Leave out the pictures and return every entry exactly as it appears.
★ ★ ★
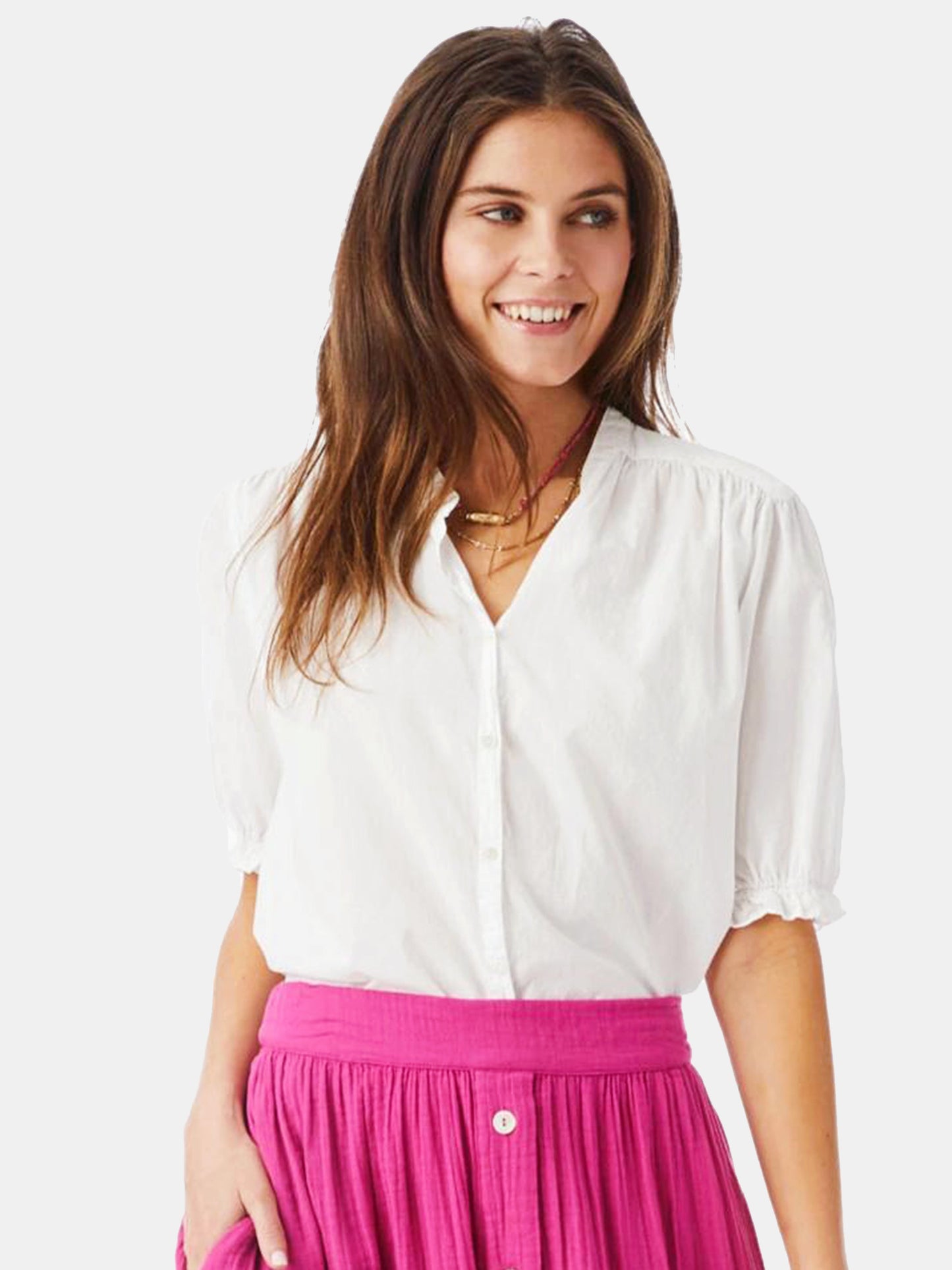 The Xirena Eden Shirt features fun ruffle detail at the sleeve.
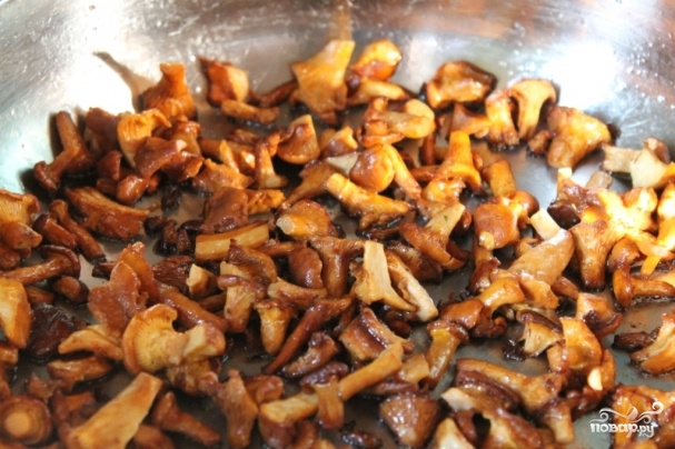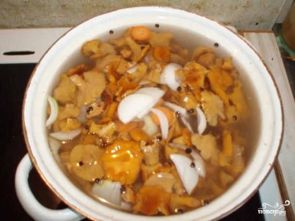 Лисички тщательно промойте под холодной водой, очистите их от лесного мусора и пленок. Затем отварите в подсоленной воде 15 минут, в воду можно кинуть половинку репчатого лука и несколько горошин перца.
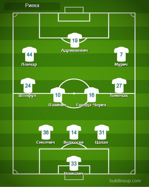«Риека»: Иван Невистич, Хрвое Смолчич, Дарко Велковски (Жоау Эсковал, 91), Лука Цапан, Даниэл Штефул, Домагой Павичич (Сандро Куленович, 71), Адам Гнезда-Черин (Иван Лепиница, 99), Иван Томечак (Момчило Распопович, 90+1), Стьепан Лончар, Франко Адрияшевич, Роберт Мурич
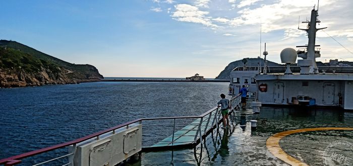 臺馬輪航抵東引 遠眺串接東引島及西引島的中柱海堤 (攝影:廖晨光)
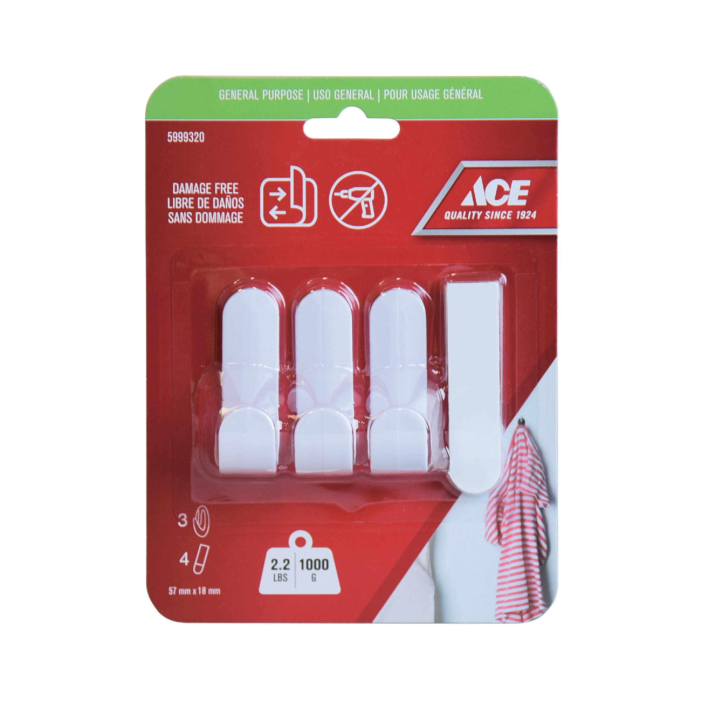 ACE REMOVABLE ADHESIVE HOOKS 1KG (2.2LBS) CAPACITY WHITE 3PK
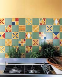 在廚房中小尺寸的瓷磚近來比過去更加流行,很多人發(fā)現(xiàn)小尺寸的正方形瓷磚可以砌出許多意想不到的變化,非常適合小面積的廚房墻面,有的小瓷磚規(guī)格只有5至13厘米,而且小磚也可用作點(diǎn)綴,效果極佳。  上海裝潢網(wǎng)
★ ★ ★
▸ **Written solution**:
 The Xirena Eden Shirt features fun ruffle detail at the sleeve.
 Лисички тщательно промойте под холодной водой, очистите их от лесного мусора и пленок. Затем отварите в подсоленной воде 15 минут, в воду можно кинуть половинку репчатого лука и несколько горошин перца.
«Риека»: Иван Невистич, Хрвое Смолчич, Дарко Велковски (Жоау Эсковал, 91), Лука Цапан, Даниэл Штефул, Домагой Павичич (Сандро Куленович, 71), Адам Гнезда-Черин (Иван Лепиница, 99), Иван Томечак (Момчило Распопович, 90+1), Стьепан Лончар, Франко Адрияшевич, Роберт Мурич
 臺馬輪航抵東引 遠眺串接東引島及西引島的中柱海堤 (攝影:廖晨光)
 ACE REMOVABLE ADHESIVE HOOKS 1KG (2.2LBS) CAPACITY WHITE 3PK
 在廚房中小尺寸的瓷磚近來比過去更加流行,很多人發(fā)現(xiàn)小尺寸的正方形瓷磚可以砌出許多意想不到的變化,非常適合小面積的廚房墻面,有的小瓷磚規(guī)格只有5至13厘米,而且小磚也可用作點(diǎn)綴,效果極佳。  上海裝潢網(wǎng)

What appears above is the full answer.